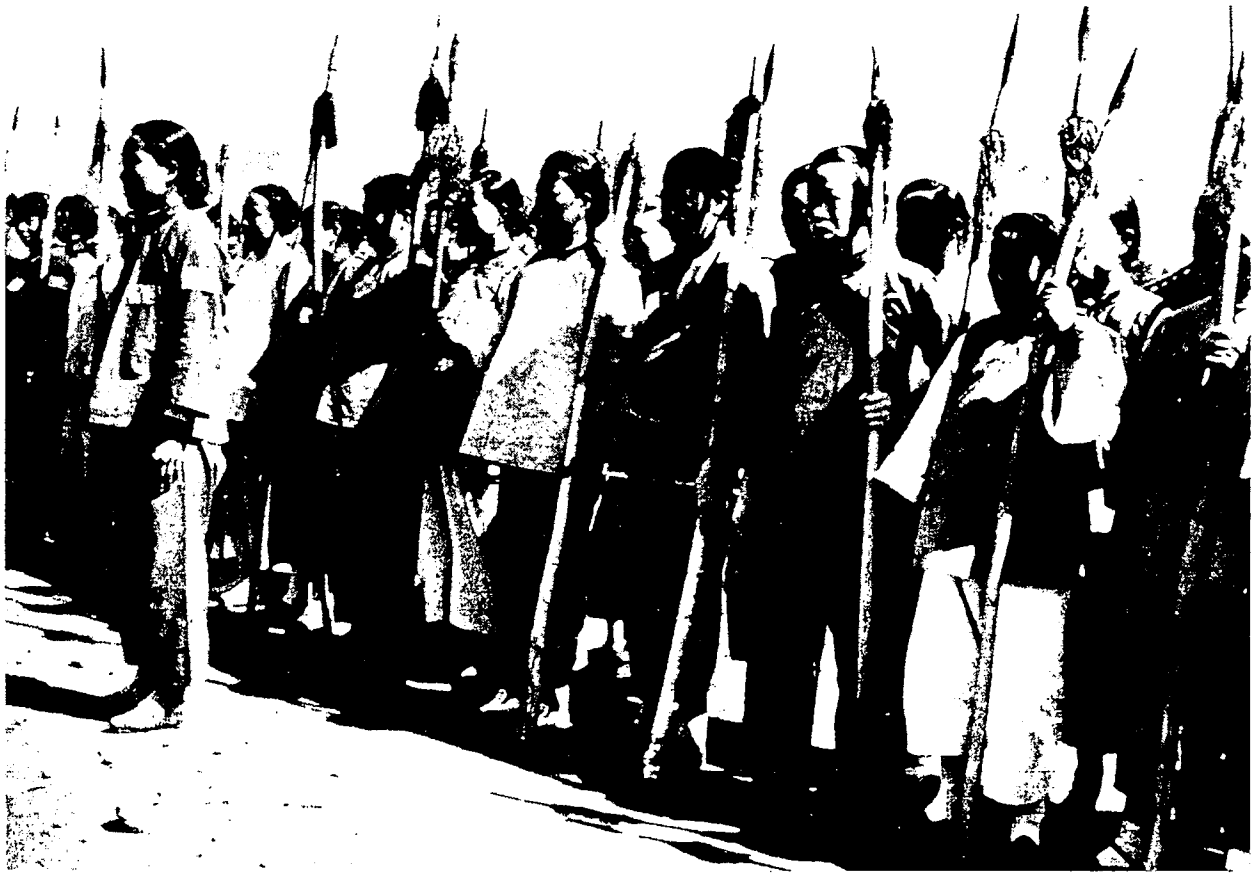
Women guerilla fighters during the national liberation war.
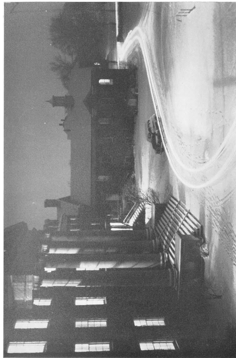
A WINTER NIGHT

In order that their class work may be recognized as qualifying for a degree or diploma, candidates must conform to the following requirements:
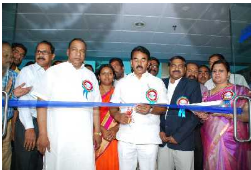
Stall Inauguration by Shri Jupally Krishna Rao
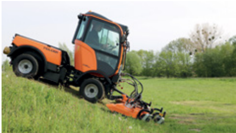
C series with large-area mower
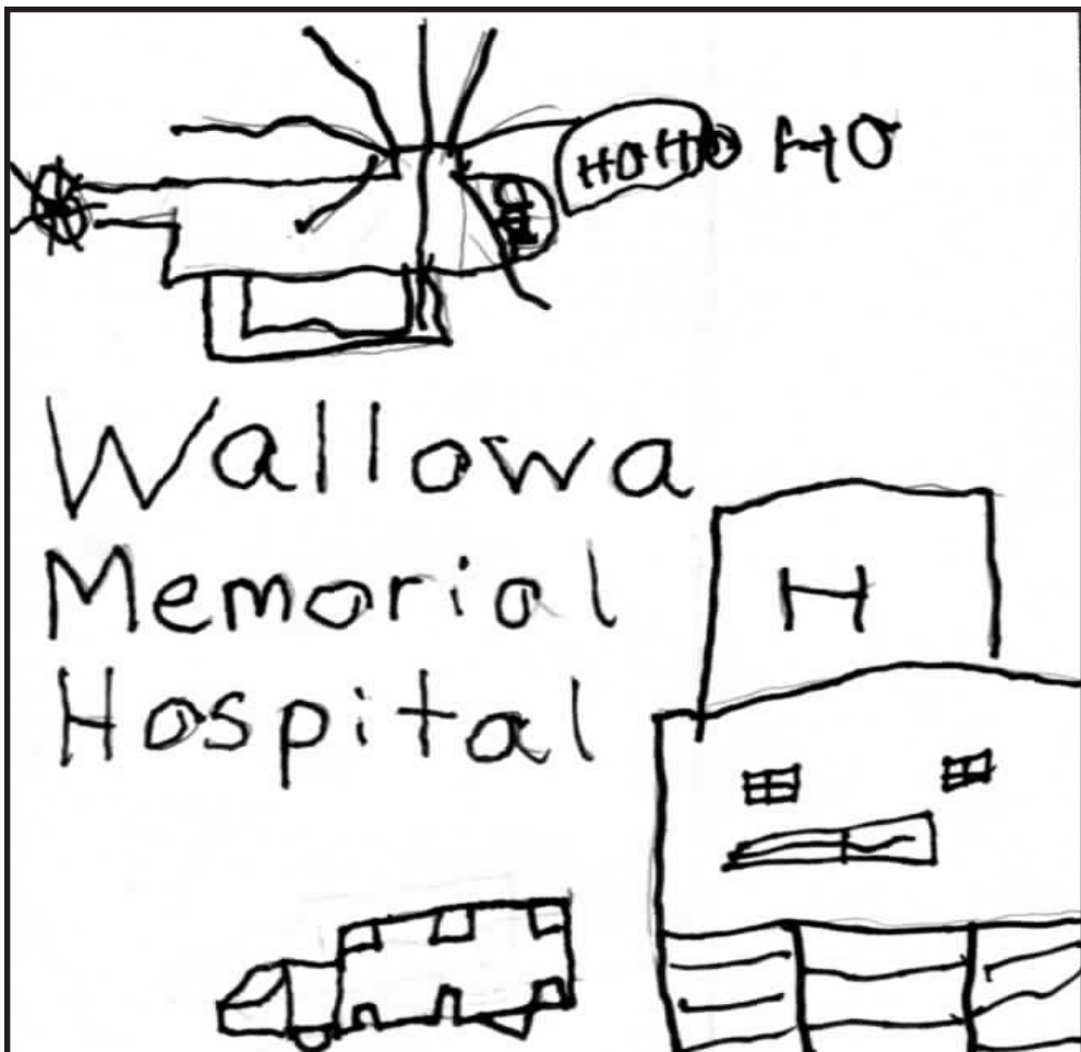
Marshall Taggart 3rd grade - Enterprise
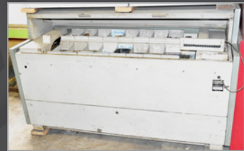
SPERRY RAND 16 tier powered indexing tool storage and retrieval cabinet

THIS IS A PARTIAL LISTING ONLY! FOR FURTHER INFORMATION, PLEASE VISIT WWW.CORPASSETS.COM
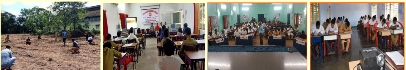
ACTIVITIES AT STC / NBQ
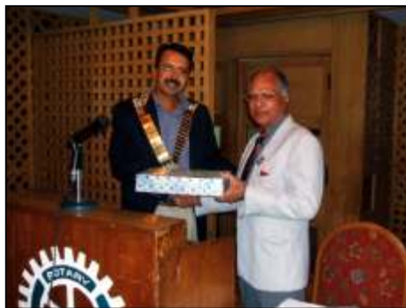
Memento for the Promoter
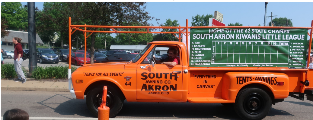
KCOC Member South Akron Awning in the Parade
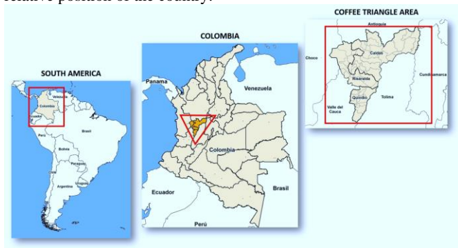
Figure 1. Study area, Coffee Triangle Region of Colombia and relative position of the country.

For this study, the epidemiological data was collected from the surveillance system, obtaining the number of cases for each municipality by year (2007-2011). Data was obtained with agreement from the Colombia Ministry of Health through the Protection Information System (SISPRO), through a Client Access server which allowed retrieving cases from the SISPRO server to a local computer. The SISPRO surveillance data used for this study are constituted from confirmed cases, which have been revised in terms of data quality, initially from data from the National Institute of Health of Colombia and later by the program SISPRO and its Data Cubes system. The information for this study from 53 primary notification units, one per municipality, later consolidated in three secondary notification units, at department levels, and finally centralized in Bogotá with the SISPRO system. Quickly revised and consolidated information is available for the years 2007 to 2011.
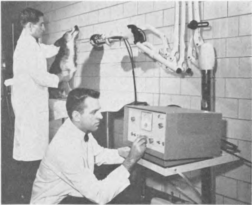
An examination for thyroid function with radioactive iodine.

THE FUNCTION of the Veterinary College is to educate young men and women to become practitioners, teachers, and research workers in the science and art of veterinary medicine. The College thus serves to protect the health of livestock, poultry, and companion animals, and to support public health programs.
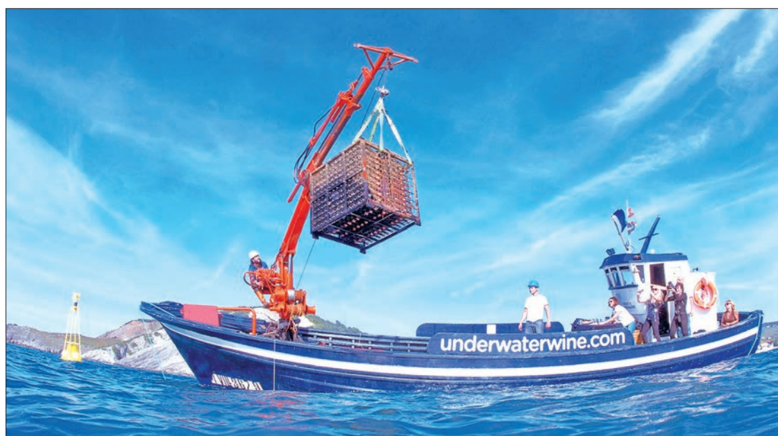
Spain's Crusoe Treasure lowers cages loaded with bottles of wine into the sea where they remain to age in what has become a growing niche market.

Crusoe Treasure expects to sell 30,000 bottles of red and white wine this year, up from just 7,000 in 2017. The prices of its wines start at 58 euros ($67.50)

****************

* _TRY IT_
Collect every line above that contains the word "Treasure".

* _SOLVED EXERCISE_
Spain's Crusoe Treasure lowers cages loaded with bottles of wine into the sea where they remain to age in what has become a growing niche market.
Crusoe Treasure expects to sell 30,000 bottles of red and white wine this year, up from just 7,000 in 2017. The prices of its wines start at 58 euros ($67.50)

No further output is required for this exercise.